Could there be a negative side of the above approach?  

I believe, a negative side of this approach is that we loose a good amount of data from training the model. Hence, the model is very high bias. And this won’t give best estimate for the coefficients. So what’s the next best option?   

What if, we make a 50:50 split of training population and the train on first 50 and validate on rest 50. Then, we train on the other 50, test on first 50. This way we train the model on the entire population, however on 50% in one go. This reduces bias because of sample selection to some extent but gives a smaller sample to train the model on. This approach is known as 2-fold cross validation.  

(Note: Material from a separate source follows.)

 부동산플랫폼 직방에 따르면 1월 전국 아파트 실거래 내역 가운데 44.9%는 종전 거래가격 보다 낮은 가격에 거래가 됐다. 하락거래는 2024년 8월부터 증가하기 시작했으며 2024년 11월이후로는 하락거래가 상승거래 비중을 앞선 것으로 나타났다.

### k-fold Cross validation
Let’s extrapolate the last example to k-fold from 2-fold cross validation. Now, we will try to visualize how does a k-fold validation work.  
![Screenshot%202021-06-11%20171629.png](attachment:Screenshot%202021-06-11%20171629.png)
This is a 7-fold cross validation.  

Here’s what goes on behind the scene : we divide the entire population into 7 equal samples. Now we train models on 6 samples (Green boxes) and validate on 1 sample (grey box). Then, at the second iteration we train the model with a different sample held as validation. In 7 iterations, we have basically built model on each sample and held each of them as validation. This is a way to reduce the selection bias and reduce the variance in prediction power. Once we have all the 7 models, we take average of the error terms to find which of the models is best.   

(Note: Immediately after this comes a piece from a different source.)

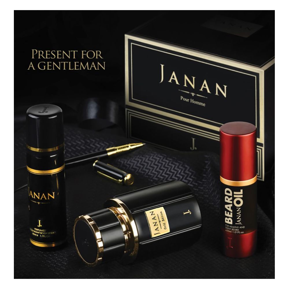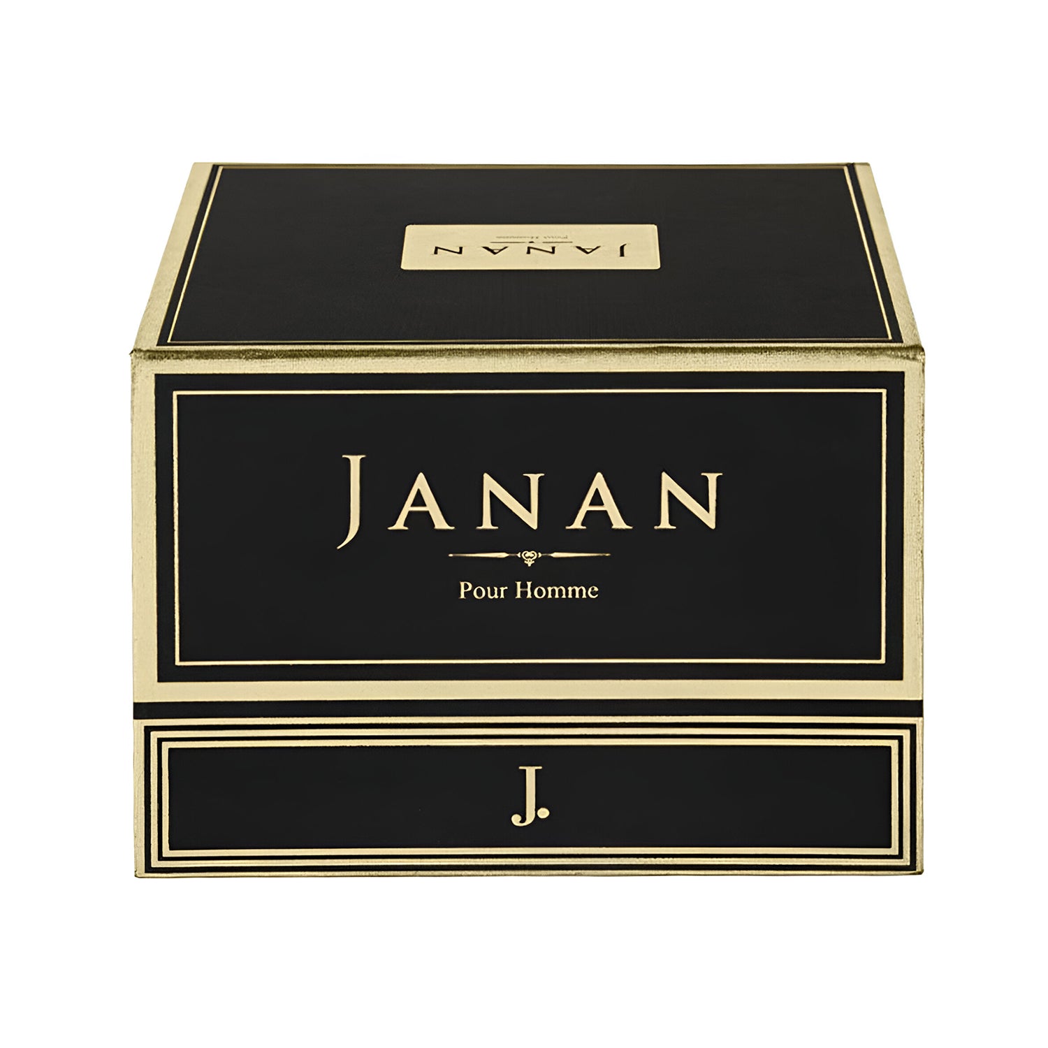 Enhance your grooming routine with the Janan Gold Pour Homme Gift Set by J. Junaid Jamshed, a complete package of elegance and care. This set features the timeless chypre and musk Eau De Parfum, enriched with floral heart notes of jasmine, rose, and birch, delivering a sophisticated and long-lasting fragrance.

### How does this help to find best (non over-fit) model?
k-fold cross validation is widely used to check whether a model is an overfit or not. If the performance metrics at each of the k times modelling are close to each other and the mean of metric is highest.  


In [4]:
# importing the required libraries
import numpy as np
from sklearn.model_selection import KFold

# create a sample dataset
X = np.array([[1, 2, 3, 2],
             [3, 4, 1, 1],
             [1, 2, 1, 1],
             [3, 4, 1, 1]])

y = np.array([1, 2, 3, 4])

# create the object of the KFold
kf = KFold(n_splits=2)

print(kf)
KFold(n_splits=2, random_state=None, shuffle=False)
for train_index, test_index in kf.split(X):
  print("TRAIN:", train_index, "TEST:", test_index)    
  X_train, X_test = X[train_index], X[test_index]
  y_train, y_test = y[train_index], y[test_index]


kf = KFold(n_splits=3)
print(kf)
KFold(n_splits=3, random_state=None, shuffle=False)
for train_index, test_index in kf.split(X):
  print("TRAIN:", train_index, "TEST:", test_index)    
  X_train, X_test = X[train_index], X[test_index]
  y_train, y_test = y[train_index], y[test_index]

ModuleNotFoundError: No module named 'sklearn'

### But how do we choose k?
This is the tricky part. We have a trade off to choose k.   

For a small k, we have a higher selection bias but low variance in the performances.   

For a large k, we have a small selection bias but high variance in the performances.   

Think of extreme cases :  

k = 2  : We have only 2 samples similar to our 50-50 example. Here we build model only on 50% of the population each time. But as the validation is a significant population, the variance of validation performance is minimal.  

k = number of observations (n) :  This is also known as “Leave one out”. We have n samples and modelling repeated n number of times leaving only one observation out for cross validation. Hence, the selection bias is minimal but the variance of validation performance is very large.  

Generally a value of k = 10 is recommended for most purpose.